*PROBLEM TO WORK ON*.
Would you transcribe the entries below, beginning at the line with "Esta almohada de" and ending after the line with "Может я что", exactly, with no picture and nothing more?

*GIVEN INFORMATION*.

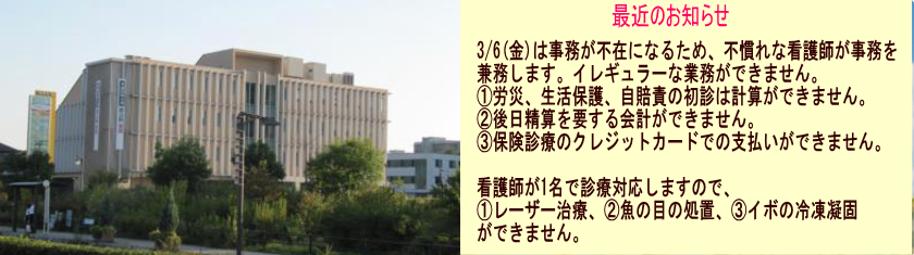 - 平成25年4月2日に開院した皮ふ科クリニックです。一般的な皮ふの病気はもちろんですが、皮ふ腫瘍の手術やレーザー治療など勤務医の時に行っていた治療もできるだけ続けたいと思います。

...

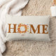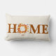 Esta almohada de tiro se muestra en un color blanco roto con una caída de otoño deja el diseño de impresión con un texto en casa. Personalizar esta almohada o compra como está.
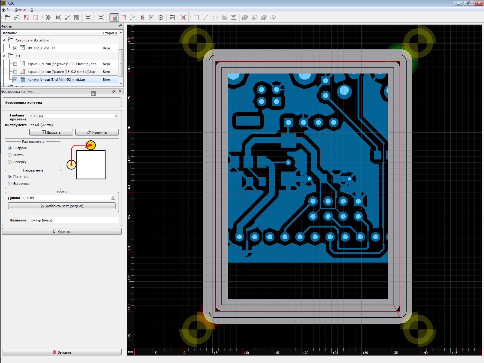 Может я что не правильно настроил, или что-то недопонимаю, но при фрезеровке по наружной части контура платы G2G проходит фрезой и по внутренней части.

---

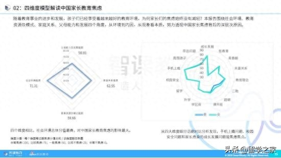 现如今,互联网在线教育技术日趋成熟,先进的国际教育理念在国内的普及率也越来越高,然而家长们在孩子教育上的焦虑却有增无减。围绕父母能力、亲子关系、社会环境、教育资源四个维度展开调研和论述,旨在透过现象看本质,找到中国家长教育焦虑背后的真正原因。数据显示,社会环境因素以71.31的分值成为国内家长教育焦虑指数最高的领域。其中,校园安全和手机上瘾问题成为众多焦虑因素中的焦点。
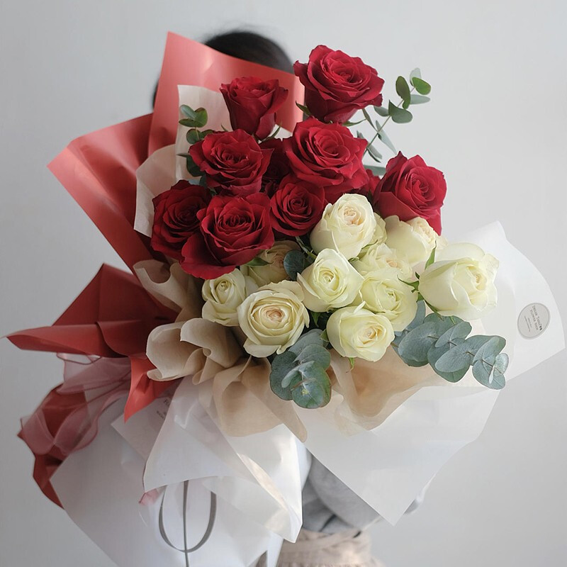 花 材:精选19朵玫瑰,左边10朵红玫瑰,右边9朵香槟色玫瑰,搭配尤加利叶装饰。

*PROBLEM SOLUTION*.
 Esta almohada de tiro se muestra en un color blanco roto con una caída de otoño deja el diseño de impresión con un texto en casa. Personalizar esta almohada o compra como está.
 Может я что не правильно настроил, или что-то недопонимаю, но при фрезеровке по наружной части контура платы G2G проходит фрезой и по внутренней части.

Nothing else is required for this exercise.